Living with a chronic condition like Ulcerative Colitis  can have both an emotional and practical impact on your life.  There may be times when you have to make adjustments and take time to recuperate, for example, if you are having a flare-up.  On the other hand, when you are well you may be able to live life to the full. 
Most obviously, you are likely to see your GP and perhaps also your hospital IBD team quite regularly. It’s good to build up a good relationship with them, as that can make seeking and receiving treatment a less stressful process.  See our booklet My Crohn’s and Colitis Care for more information about to work with your IBD team to get the best out of your care.
Flare-ups can be disruptive to relationships and work – sometimes you may need to cancel engagements and take time off when you are feeling unwell.   It can be very helpful if you feel you can open up about your condition to those around you – your family, friends, work colleagues and employers.  Telling particularly family and friends at least something about your illness may make them feel reassured and more able to give you the support you need.
Diet is considered a factor in the appearance and severity of symptoms by many people with Ulcerative Colitis – although research has not produced clear answers on whether diet plays a role in UC.
Generally, the most important thing is to eat a nutritious and balanced diet to maintain your weight and strength, and to drink sufficient fluids to stop you getting dehydrated. 
However, you may find during flare-ups that certain foods affect your symptoms.  Bland, soft foods may cause less discomfort than raw vegetables, spicy and high-fibre foods .
Most women with Ulcerative Colitis can expect a normal pregnancy and a healthy baby. Also, for most women, having a baby does not make their UC worse. But if you do become pregnant during a flare-up, you may be more likely to give birth early or have a baby with a low birth weight.

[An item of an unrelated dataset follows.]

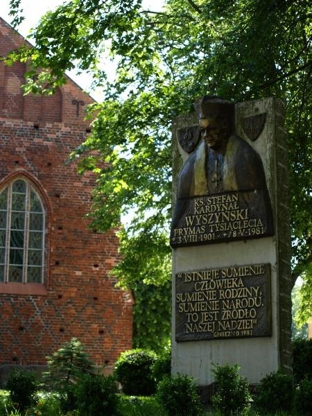 Pomnik księdza kardynała Stefana Wyszyńskiego usytuowany jest przy Kościele Mariackim pw. Wniebowzięcia NMP w Sławnie. Pomnik ma formę przestrzennej płyty, na której znajduje się wizerunek Prymasa Tysiąclecia. Autorem, a zarazem wykonawcą pomnika jest Zygmunt Wujek z Koszalina. Odlew wykonano w ludwisarni w Poznaniu. W górnej części pomnika znajdują się dwa medaliony przedstawiające orła piastowskiego i Matkę Boską z dzieciątkiem. W dolnej części pomnika umieszczona jest płyta z brązu z napisem: "Istnieje sumienie człowieka, sumienie rodziny, sumienie narodu. To jest źródło naszej nadziei - Gniezno 1981". Pod tym napisem mieści się kolejna płyta z napisami: "Mieszkańcy Sławna i duszpasterze parafii", oddzielonymi herbem miasta Sławno. Ofiarodawcami pomnika są: sławieńskie zakłady pracy, instytucje, prywatni przedsiębiorcy, parafianie, członkowie Parafialnego Oddziału Akcji Katolickiej, Róże Żywego Różańca, weterani wojskowi. Patronat nad budową pomnika przyjęli: Parafia Rzymskokatolicka pw. Wniebowzięcia NMP, starostwo sławieńskie, burmistrz miasta. Prace budowlane przy montażu wykonały sławieńskie firmy: Zakład „Hydrogeobudowa” i „Olszewski i Synowie”.

Your doctor should be able to help you to control your symptoms as much as possible, and it may be helpful to discuss your options with them if you are thinking of having a baby.
Around a quarter of people are children or adolescents when they are diagnosed with IBD, and symptoms in young people often appear around the age of 12. Ulcerative Colitis in children tends to be more extensive in children than adults, and consequently more severe.
Download our free information sheet on Staying well with IBD


Hopefully, upon reading this blog page you will have a better understanding of Ulcerative Colitis and I would like to thank chronsandcolitis.org for the information they gave me on their web site when I was first diagnosed in a NHS hospital in my home town.

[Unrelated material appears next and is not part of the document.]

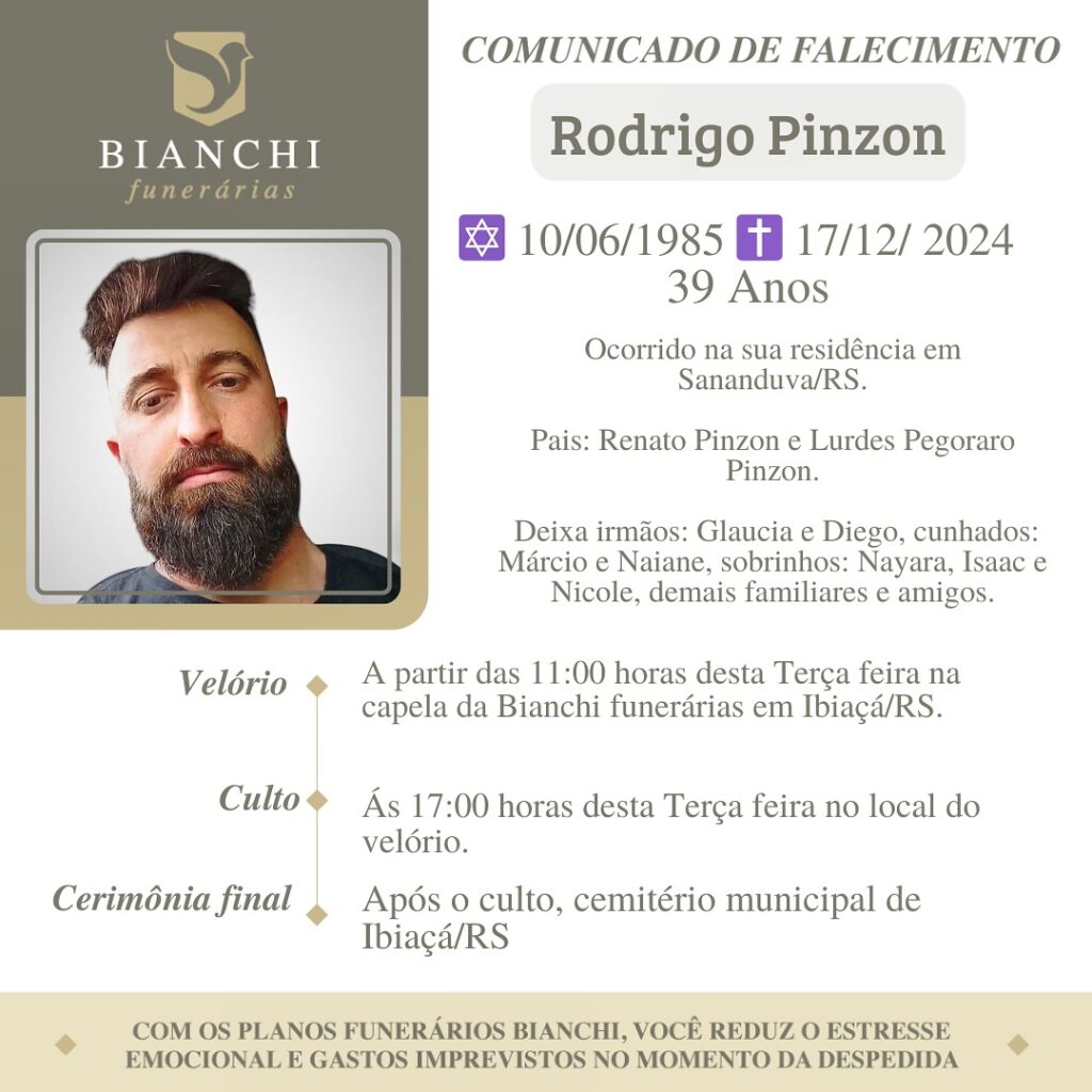 A Bianchi Funerárias, juntamente com a família Pinzon, comunica com pesar, o falecimento de Rodrigo Pinzon, ocorrido dia 17/12/2024 em sua residência em Sananduva com 39 anos de idade. Seu corpo será guardado a partir das 11 horas do dia 17/12/2024 na Capela da Bianchi Funerárias de Ibiaçá. Culto às 17 horas e após seu sepultamento no Cemitério Municipal de Ibiaçá.

So why have I chosen to blog about my UC on my Transgender blog site well there is a link.

Taking female hormones as transgender male to female as you have to do, in order to alter loads of incorrect things with your body, the hormones has the effect of increasing the risk for ulcerative colitis (UC), but not Crohn's disease (CD), according to my consultant at the gender clinic I attend. He sees many transgender M2F people discovering they now have UC. It’s not a show stopper as such on the transition side, and lower surgery can still go ahead in most cases but it needs to be under control and not in flair up mode for obvious reasons.

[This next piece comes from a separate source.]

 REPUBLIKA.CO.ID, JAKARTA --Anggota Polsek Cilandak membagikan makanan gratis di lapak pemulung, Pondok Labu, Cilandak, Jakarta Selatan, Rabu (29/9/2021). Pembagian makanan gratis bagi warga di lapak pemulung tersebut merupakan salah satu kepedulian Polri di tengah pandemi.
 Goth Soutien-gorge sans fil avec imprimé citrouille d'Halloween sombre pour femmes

A transgender person’s BMI is taken into account so being on or below your BMI is a good thing as far as lower surgery is concerned so if like me you have UC just watch your diet as my weight yoyos between flair ups quite a bit.

When I have a flair up I tend to reduce my insoluble fibre intake and make more healthy 80% veg 20% fruit juice as meal replacements I live on a modified vegan diet or a heavily modified paleo type of diet, as it reduces my “seat down time” spent going the loo.